### Data:
┌──
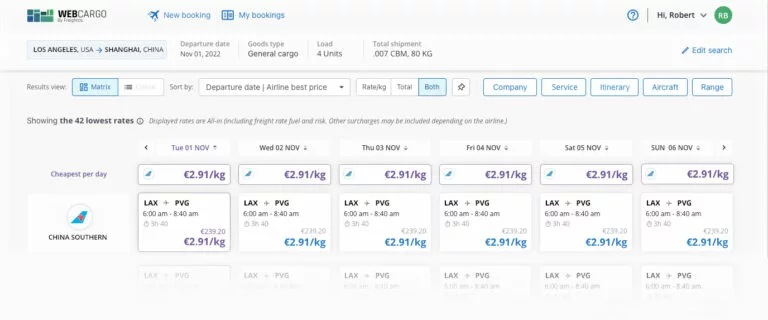 Alongside developing this eBooking capability, China Southern Cargo is also keeping up with the 50% of global capacity available online for instant air cargo rate search on third party platforms like WebCargo. China Southern recognizes the customer demand for the ability to access updated prices based on real-time changes to capacity and schedules (which also provides new pricing and utilization opportunities for carriers).
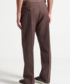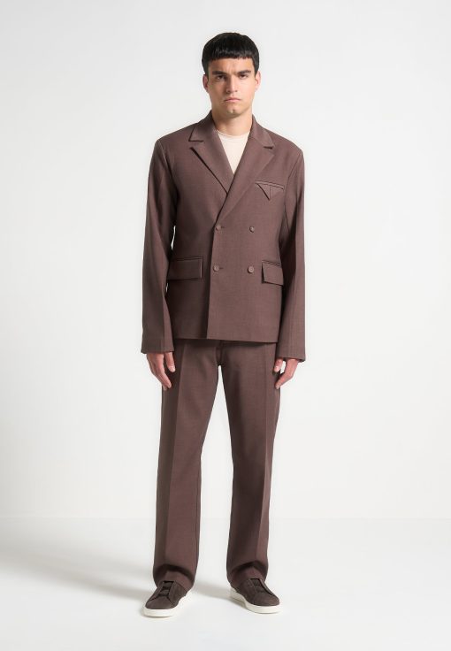 Elevate your wardrobe with the Regular Fit Twill Pleated Tailored Trousers in Brown. Designed for a classic and comfortable fit, these Trousers feature a unique twill finish that effortlessly elevates any formal or smart-casual look. Pair with the Double Breasted Twill Suit Jacket in Brown for a seamless formal ensemble.
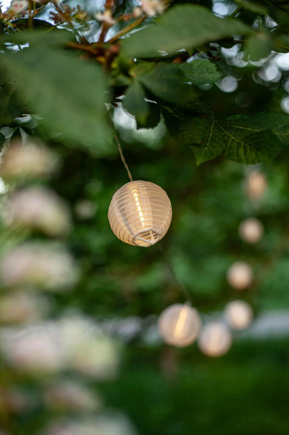 Lyskæde fint dekoreret med rispapirlamper til indendørs brug. Lyskæden har 10 LED-pærer med varmt hvidt skær. En skøn lyskæde at pynte op med til hverdag og til fest. Bredde/længde: 135 cm. Højde: 7 cm. Dybde: 7,50 cm
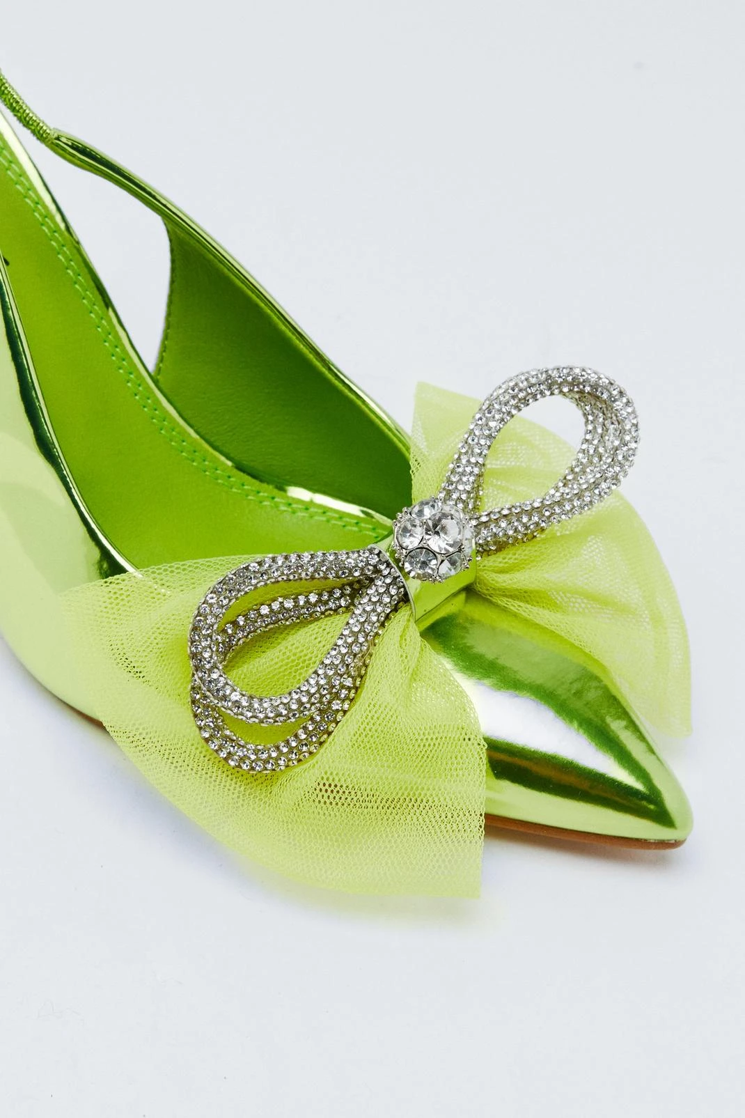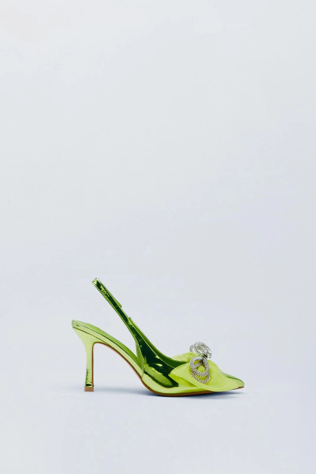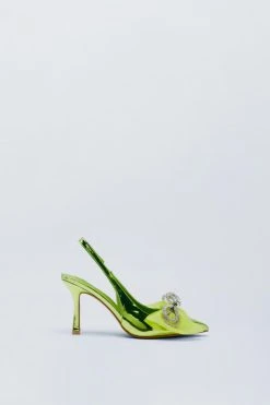 Step it up. Add flirty detail to your look in our sling back court heels with bow and diamante accents.
└──
### Required action:
Only the lines from the line with "Lyskæde fint dekoreret" through the final line of the material belong in the answer, copied exactly and without pictures.

### Answer for this exercise:
 Lyskæde fint dekoreret med rispapirlamper til indendørs brug. Lyskæden har 10 LED-pærer med varmt hvidt skær. En skøn lyskæde at pynte op med til hverdag og til fest. Bredde/længde: 135 cm. Højde: 7 cm. Dybde: 7,50 cm
 Step it up. Add flirty detail to your look in our sling back court heels with bow and diamante accents.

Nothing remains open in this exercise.